No picture should appear in the copy. Transcribe exactly, and only, the lines from the one with "2、丙午辛丑 🌷 戊子癸丑八字命理详解" through the last line of the data below.

▼▼▼

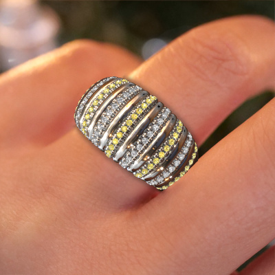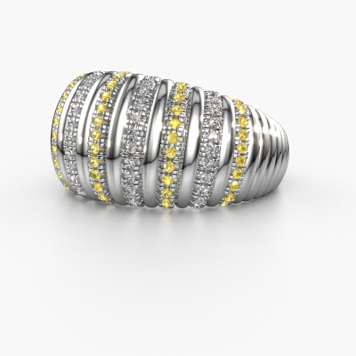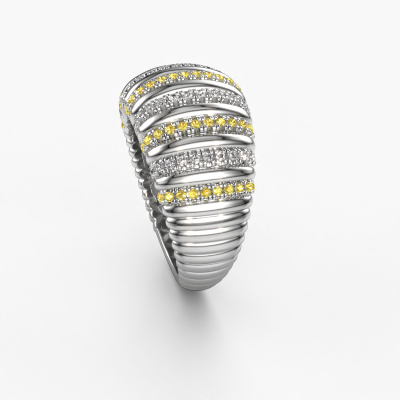 This is a stunning wide white gold Dawn 12mm ring. It is set with yellow sapphire. A designer ring, fit for classy women. The ring is designed by our own expert goldsmiths. In our artisan studio, we use a combination of the latest techniques and ancient traditional craftsmanship, so we are able to create a perfectly designed ring. Our expert goldsmiths strive for perfection so they won't stop until a perfect ring, a true work of art, is created. A unique ring which matches your own style. The wide Dawn 12mm ring, as shown here, can be customized to your liking. Our online tool offers many different options but please feel free to contact us if you want changes made to your Dawn 12mm ring, which are unavailable in our online tool.By using a combination of the latest modern techniques, combined with ancient crafting, we can make all our rings in our own studio. Each jewel is made to order. This is advantageous because we can offer you a price you won't find anywhere else.To make it easier for you, we offer a 30 day return policy. Check our terms and conditions.
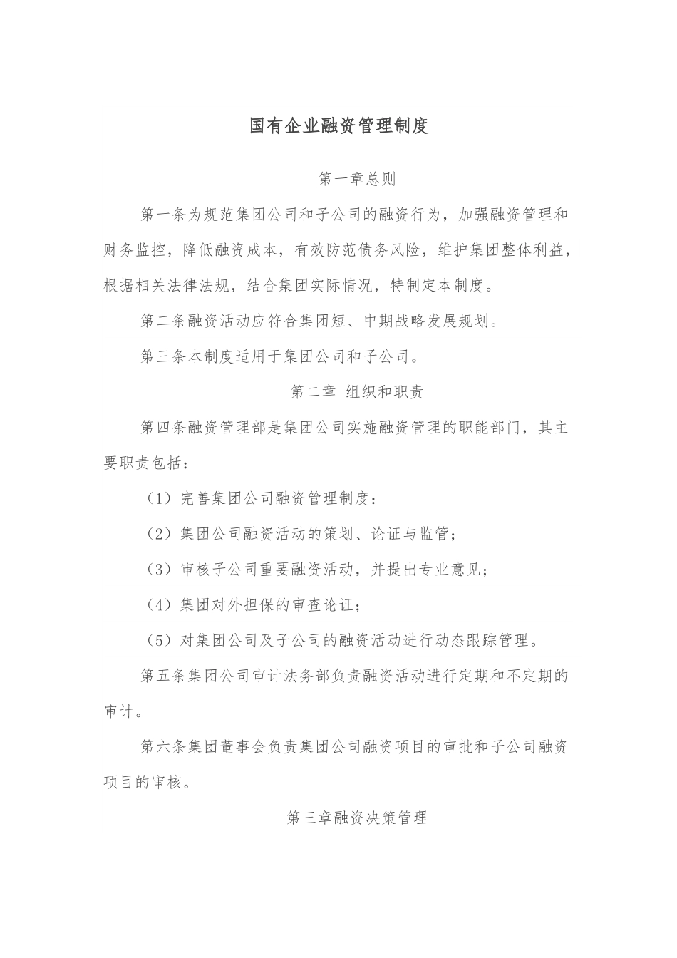 国有企业融资管理制度第一章总则第一条为规范集团公司和子公司的融资行为,加强融资管理和财务监控,降低融资成本,有效防范债务风险,维护集团整体利益,根据相关法律法规,结合集团实际情况,特制定本制度。第二条融资活动应符合集团短、中期战略发展规划。第三条本制度适用于集团公司和子公司。第二章组织和职责第四条融资管理部是集团公司实施融资管理的职能部门,其主要职责包括:(1)完善集团公司融资管理制度:(2)集团公司融资活动的策划、论证与监管;(3)审核子公司重要融资活动,并提出专业意见;(4)集团对外担保的审查论证;(5)对集团公司及子公司的融资活动进行动态跟踪管理。第五条集团公司审计法务部负责融资活动进行定期和不定期的审计。第六条集团董事会负责集团公司融资项目的审批和子公司融资项目的审核。第三章融资决策管理第七条集团融资管理实行审核制、审批制和备案制相结合的方式。第八条实行审核制的融资活动包括:(1)子公司权益性融盗:(2)子公司年度融资计划以外的债务性融资;(3)子公司债务性融资金额在万元以上;(4)子公司之间的互保活动:(5)子公司对外担保;(6)需审核的子公司投资项目的融资方案。第九条上述范围以外的子公司融资活动实行备案制。第十条融资活动审核和审批原则:(1)符合国家产业政策以及集团的长期发展规划:(2)法律手续完善;(3)上报资料齐全、真实、可靠;(4)与公司融资能力相适应。第十一条对于实行审核制的子公司融资活动,根据子公司融资项目审核流程,按照方案提出、审查论证、审议决策、审批实施四个步骤进行管理。第十二条方案提出。子公司的融资方案应包括以下资料:(1)融资款项的用途及用款项目背景情况;(2)用款与还款计划;(3)融资数量与债权人;(4)担保方式与内容:(5)其他需要说明的事项。第十三条审查论证。集团公司融资管理部在收到全部资料后,应组织有关人员审查基本情况,对方案的疑点、隐患提出质询,并提出建议。第十四条需审核的子公司投资项目的融资方案按《投资管理制度》相关规定,集团公司审核投资项目时一并审核融资方案。第十五条对于实行审批制的集团公司融资活动和集团公司为子公司提供的组保,根据集团公司融资活动审批流程,按照方案论证、审议决策、审批实施三个步骤进行管理。第十六条方案论证。融资管理部融资管理人员经过方案论证后提出融资方案,最分管副总。第十七条对于实行备案制的子公司融资活动,由子公司在实施后十五个工作日内向集团公司融资管理部提交备案材料存档,包括融资方案、合同、章程等。第四章融资过程管理第十八条集团内的融资管理实行融资、资金运用和监管相结合的原则。融资单位对触资活动指定融资活动执行人,做到责、权、利相对等,确保融资方案按计划实施。第十九条融资活动执行人应定期将资金运用状况向主管领导作汇报。第二十条集团公司融资管理部对子公司的融资活动进行跟踪检查,帮助解决各种实际问题,协调各方面的关系。第二十一条集团公司审计法务部视情况,定期或不定期对集团公司职能部门和子公司进行专项检查和审计,对违反本制度进行融资的行为和融资管理混乱的单位和责任人,提出处理意见或建议,报经集团公司领导批准后执行。第五章融资结果评价和融资责任第二十二条融资管理部对子公司融资结果进行评价。第二十三条对融资方案因决策失误或审查、把关不严,造成经济损失的,也应追究相关责任人的责任。第二十四条对融资资金因管理不善或用人不当致使资产流失、严重亏损或造成其它严重后果的,要追究相关责任人的责任。第二十五条对融资活动的主管领导、负责人或其它工作人员违反本规定、玩忽职守、滥用职权的要追究相关人员的行政及法律责任。第六章附则第二十六条本制度由集团公司融资管理部起草和修订,解释权归融资管理部。第二十七条本规定如有与相关法律、法规、规定相抵触的,应以相关法律、法规、规定为准。
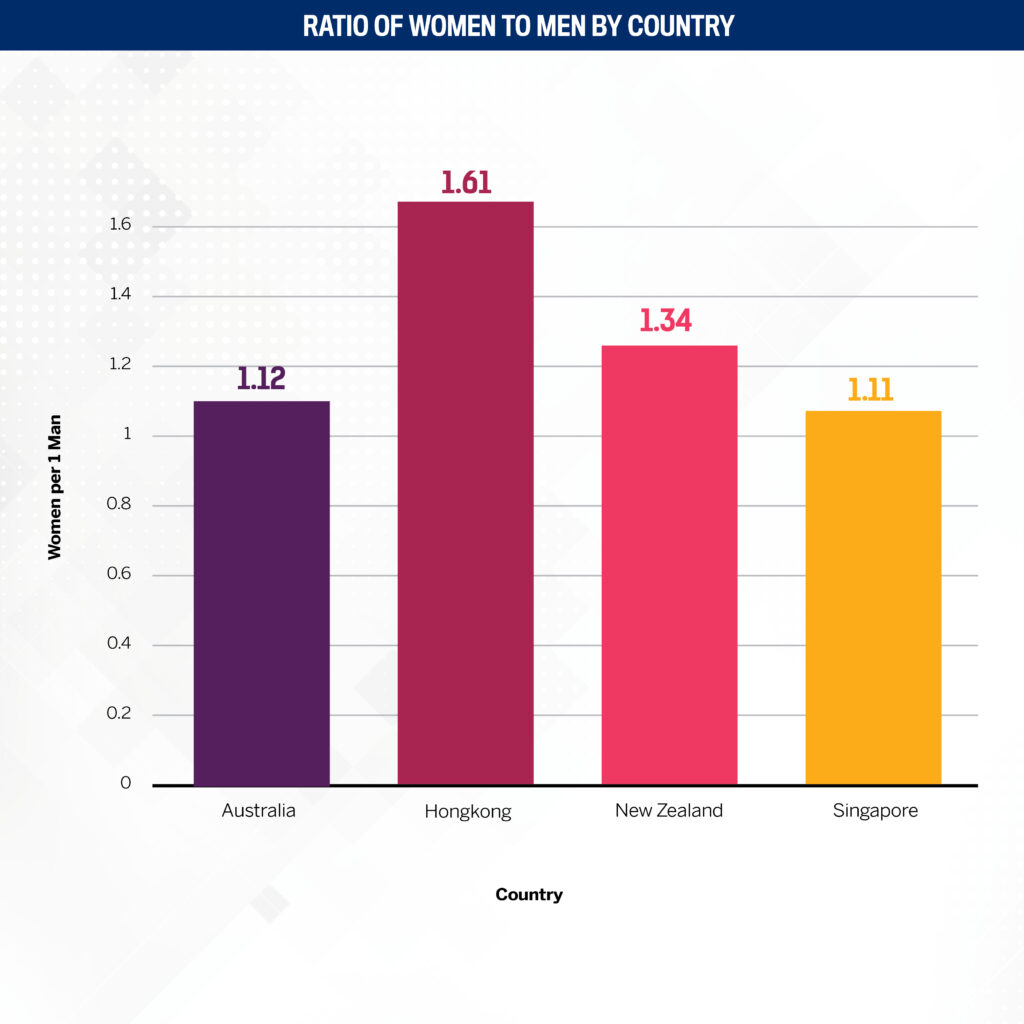 Hong Kong – 40,000 women to 24,800 men
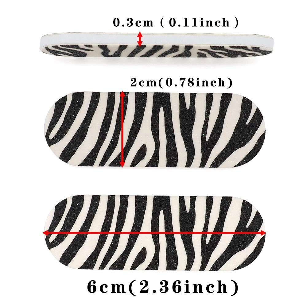 Designen med svartvitt zebramönster ger ett modernt och stiligt intryck. Mini-storleken möjliggör exakt kontroll vid förkortning och formning av naglar. EVA-kärnan ger nagelfilarna flexibilitet och komfort vid användning. De är lämpliga för vanlig manikyr och pedikyr.
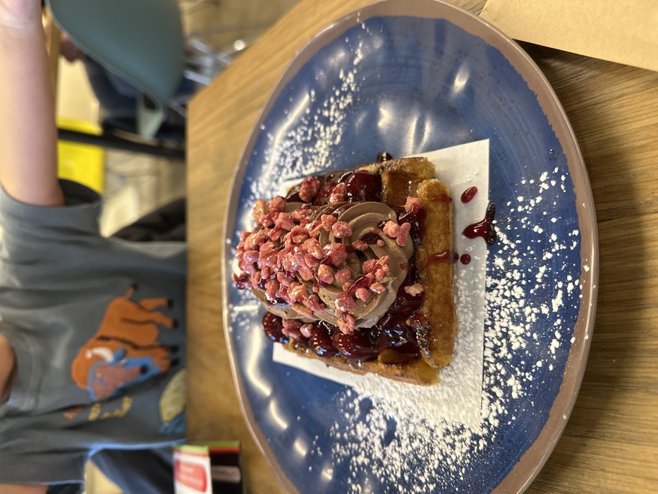 The scene depicts a Belgian waffle presented on a blue ceramic plate with a brown rim, resting on a light wooden table within a cafe or restaurant environment, believed to be located in Brussels, Belgium. The rectangular waffle, golden-brown and textured, is served atop a piece of white parchment paper. It is heavily topped with a dark red cherry compote, over which two dollops of light brown, possibly chocolate-flavored, whipped cream are placed. The whipped cream is garnished with numerous small, irregularly shaped, bright pink crunchy pieces, likely freeze-dried raspberries. Dark red syrup from the compote drips onto the parchment paper and plate. Powdered sugar is liberally dusted around the waffle on both the paper and the blue plate. In the blurred background, a person, possibly a child, is partially visible wearing a light grey short-sleeved t-shirt featuring a large orange bison or buffalo illustration on the chest. Other blurred background elements include yellow and teal chairs and additional wooden table surfaces.
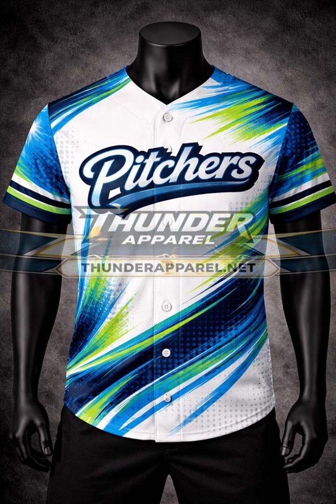 Stand out on the field with our premium custom sublimation baseball and softball jersey, featuring a bold and modern “Pitchers” design with dynamic blue, green, and white streak patterns. Designed for teams that want performance and style, this button-up jersey delivers a professional look with unmatched comfort.
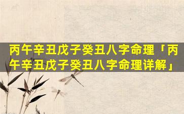 2、丙午辛丑 🌷 戊子癸丑八字命理详解
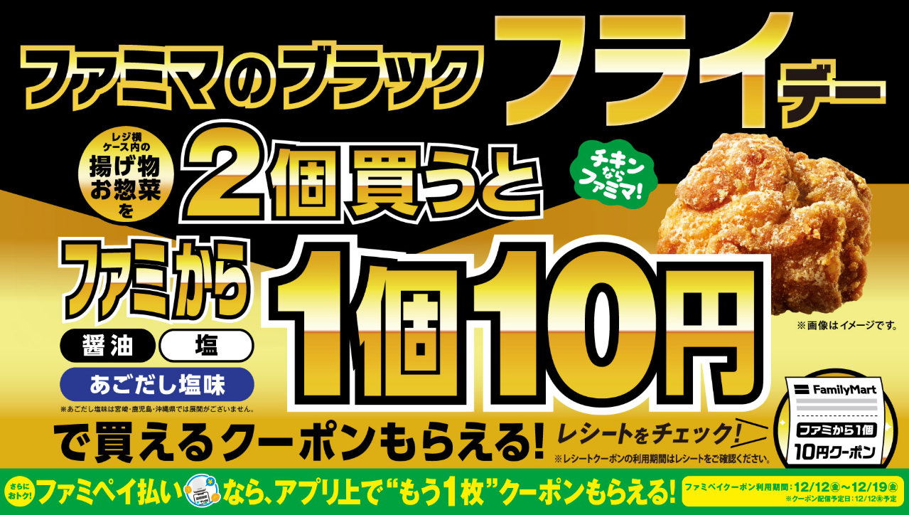 ファミマのブラックフライデーは、ちょっと工夫するだけで「ファミから」を破格で手に入れられるチャンスです!対象商品を2個ずつ、ファミペイで会計するだけで、レシートクーポンとアプリクーポンのダブル取りが可能。
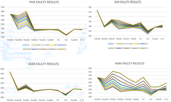 Temperature sensors’ readings across ECS components obtained from SESAC simulation for four fault modes [28].

▲▲▲

§ **SOLUTION**
 2、丙午辛丑 🌷 戊子癸丑八字命理详解
 ファミマのブラックフライデーは、ちょっと工夫するだけで「ファミから」を破格で手に入れられるチャンスです!対象商品を2個ずつ、ファミペイで会計するだけで、レシートクーポンとアプリクーポンのダブル取りが可能。
 Temperature sensors’ readings across ECS components obtained from SESAC simulation for four fault modes [28].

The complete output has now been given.